Na audiência pública de hoje, o convidado afirmou ainda que a federação está criando uma corregedoria e uma ouvidoria e instituindo uma espécie de teste psicotécnico para aumentar a transparência na arbitragem. Porém, na opinião do deputado Silvio Torres (PSDB-SP), autor do pedido de audiência, essas providências não podem ser as únicas.
"Temos que trabalhar a criminalização dos árbitros que hoje cometem crimes como esses cometeram", disse.
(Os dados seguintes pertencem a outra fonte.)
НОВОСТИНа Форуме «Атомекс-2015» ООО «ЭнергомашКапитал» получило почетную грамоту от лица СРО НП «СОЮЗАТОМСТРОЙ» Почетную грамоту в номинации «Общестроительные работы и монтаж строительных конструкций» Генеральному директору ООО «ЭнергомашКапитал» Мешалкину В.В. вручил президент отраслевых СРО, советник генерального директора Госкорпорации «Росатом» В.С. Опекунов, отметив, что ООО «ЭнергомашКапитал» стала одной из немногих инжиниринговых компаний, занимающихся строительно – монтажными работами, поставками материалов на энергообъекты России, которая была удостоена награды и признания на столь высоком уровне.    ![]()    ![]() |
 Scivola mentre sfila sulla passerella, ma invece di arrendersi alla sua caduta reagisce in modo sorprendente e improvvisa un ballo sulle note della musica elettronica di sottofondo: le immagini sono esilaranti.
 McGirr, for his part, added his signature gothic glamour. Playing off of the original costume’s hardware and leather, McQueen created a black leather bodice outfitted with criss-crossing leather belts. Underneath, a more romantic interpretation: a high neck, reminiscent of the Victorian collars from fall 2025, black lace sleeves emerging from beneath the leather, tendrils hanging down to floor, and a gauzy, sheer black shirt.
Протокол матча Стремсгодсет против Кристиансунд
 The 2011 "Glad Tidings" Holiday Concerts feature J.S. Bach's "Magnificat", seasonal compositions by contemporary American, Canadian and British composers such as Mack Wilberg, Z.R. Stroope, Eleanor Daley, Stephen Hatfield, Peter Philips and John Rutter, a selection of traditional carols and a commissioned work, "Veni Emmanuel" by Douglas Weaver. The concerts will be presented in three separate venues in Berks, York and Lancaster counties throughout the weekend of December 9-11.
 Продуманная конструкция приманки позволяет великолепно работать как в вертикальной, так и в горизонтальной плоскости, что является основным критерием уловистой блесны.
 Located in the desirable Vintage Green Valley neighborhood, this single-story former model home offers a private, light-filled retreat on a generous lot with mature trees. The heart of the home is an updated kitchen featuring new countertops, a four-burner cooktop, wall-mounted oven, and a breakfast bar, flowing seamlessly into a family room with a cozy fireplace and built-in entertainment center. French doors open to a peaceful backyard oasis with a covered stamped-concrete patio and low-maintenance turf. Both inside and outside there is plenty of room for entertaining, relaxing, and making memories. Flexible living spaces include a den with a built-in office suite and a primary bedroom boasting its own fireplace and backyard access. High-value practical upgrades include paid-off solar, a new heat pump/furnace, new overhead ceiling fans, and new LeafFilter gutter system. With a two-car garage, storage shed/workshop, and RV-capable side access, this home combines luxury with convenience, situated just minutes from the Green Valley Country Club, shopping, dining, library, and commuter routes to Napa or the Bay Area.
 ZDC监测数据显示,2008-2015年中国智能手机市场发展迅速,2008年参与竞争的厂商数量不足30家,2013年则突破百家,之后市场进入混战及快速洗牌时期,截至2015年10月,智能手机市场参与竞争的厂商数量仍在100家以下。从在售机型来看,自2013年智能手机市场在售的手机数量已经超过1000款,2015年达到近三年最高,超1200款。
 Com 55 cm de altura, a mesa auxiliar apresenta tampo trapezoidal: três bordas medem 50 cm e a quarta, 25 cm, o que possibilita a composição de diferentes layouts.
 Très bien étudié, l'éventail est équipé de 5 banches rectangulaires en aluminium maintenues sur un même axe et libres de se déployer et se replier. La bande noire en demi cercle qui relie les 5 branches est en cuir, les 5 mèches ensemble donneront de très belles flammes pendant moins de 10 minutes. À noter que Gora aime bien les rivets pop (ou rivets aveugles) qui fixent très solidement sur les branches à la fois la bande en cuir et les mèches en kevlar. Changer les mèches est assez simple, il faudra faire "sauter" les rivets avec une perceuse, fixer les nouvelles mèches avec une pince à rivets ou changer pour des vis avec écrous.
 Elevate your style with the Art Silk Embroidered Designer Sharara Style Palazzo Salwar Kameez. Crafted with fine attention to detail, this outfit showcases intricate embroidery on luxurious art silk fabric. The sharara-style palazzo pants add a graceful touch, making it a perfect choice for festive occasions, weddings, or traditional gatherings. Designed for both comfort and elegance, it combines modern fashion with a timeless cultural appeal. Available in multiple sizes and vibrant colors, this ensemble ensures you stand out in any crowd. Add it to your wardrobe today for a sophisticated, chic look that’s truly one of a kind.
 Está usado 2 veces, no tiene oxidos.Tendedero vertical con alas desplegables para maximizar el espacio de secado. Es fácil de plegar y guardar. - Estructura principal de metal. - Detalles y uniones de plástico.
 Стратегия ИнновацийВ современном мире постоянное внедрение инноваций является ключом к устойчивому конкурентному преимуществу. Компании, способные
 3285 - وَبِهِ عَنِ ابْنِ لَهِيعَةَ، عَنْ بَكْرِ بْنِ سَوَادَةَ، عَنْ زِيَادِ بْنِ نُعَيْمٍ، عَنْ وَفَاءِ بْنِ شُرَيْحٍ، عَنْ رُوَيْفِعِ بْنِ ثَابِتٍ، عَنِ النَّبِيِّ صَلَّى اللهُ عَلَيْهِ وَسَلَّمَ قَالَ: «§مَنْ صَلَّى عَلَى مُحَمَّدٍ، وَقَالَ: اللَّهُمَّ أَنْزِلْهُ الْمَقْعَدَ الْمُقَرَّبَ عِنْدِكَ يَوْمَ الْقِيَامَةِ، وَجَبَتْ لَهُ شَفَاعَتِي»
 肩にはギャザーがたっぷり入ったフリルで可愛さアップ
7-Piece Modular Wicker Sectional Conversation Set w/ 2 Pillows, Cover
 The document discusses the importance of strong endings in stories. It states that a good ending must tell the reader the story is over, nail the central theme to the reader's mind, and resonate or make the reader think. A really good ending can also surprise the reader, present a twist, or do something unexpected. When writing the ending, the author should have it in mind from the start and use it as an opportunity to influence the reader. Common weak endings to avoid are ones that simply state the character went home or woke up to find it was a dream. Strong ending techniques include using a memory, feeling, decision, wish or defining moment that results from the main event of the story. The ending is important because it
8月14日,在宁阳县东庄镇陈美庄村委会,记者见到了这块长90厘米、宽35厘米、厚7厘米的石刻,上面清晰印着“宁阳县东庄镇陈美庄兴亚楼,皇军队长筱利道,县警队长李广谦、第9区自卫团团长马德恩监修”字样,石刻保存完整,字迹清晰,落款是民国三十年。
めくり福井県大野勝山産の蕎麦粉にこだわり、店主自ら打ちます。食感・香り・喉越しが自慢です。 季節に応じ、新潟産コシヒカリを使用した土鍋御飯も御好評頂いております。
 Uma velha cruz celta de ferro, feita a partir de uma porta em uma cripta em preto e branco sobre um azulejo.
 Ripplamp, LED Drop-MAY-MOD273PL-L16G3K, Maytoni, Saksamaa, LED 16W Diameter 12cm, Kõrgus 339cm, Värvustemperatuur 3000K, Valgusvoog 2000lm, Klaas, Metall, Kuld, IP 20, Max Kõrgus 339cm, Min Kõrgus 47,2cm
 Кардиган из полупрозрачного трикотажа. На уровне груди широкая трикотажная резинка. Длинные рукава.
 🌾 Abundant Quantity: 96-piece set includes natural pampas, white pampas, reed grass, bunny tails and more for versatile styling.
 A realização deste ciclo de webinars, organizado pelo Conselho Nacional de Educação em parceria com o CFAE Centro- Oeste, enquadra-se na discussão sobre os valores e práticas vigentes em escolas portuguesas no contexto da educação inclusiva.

O deputado acredita que a pena a se aplicar, nesse caso, deva ser a de estelionato: de um cinco anos de reclusão e multa.

Agenda
A reunião de hoje faz parte de uma série de audiências que a comissão realizará sobre o assunto. A primeira foi promovida na semana passada, quando foi ouvido o promotor do Ministério Público de São Paulo José Reinaldo Carneiro de Bastos, que cuida do caso. Ele defendeu a anulação de 11 partidas da série A do Campeonato Brasileiro apitadas por Edilson Pereira de Carvalho.
As próximas reuniões, segundo o deputado Silvio Torres, serão realizadas a partir de 8 de novembro. Os parlamentares deverão ouvir, nos próximos encontros, o empresário Nagib Fayad, acusado de ser um dos mentores do esquema; o vice-presidente da Federação Paulista de Futebol, Reinaldo Carneiro Bastos; e o presidente da Confederação Brasileira de Futebol (CBF), Ricardo Teixeira.
O deputado adiantou ainda que a comissão planeja realizar audiência pública para debater outro assunto: a proibição de jogadores associados à Nossa Liga de Basquete (NLB) participarem da Seleção Brasileira, pois a liga está em litígio com a Confederação Brasileira de Basquete.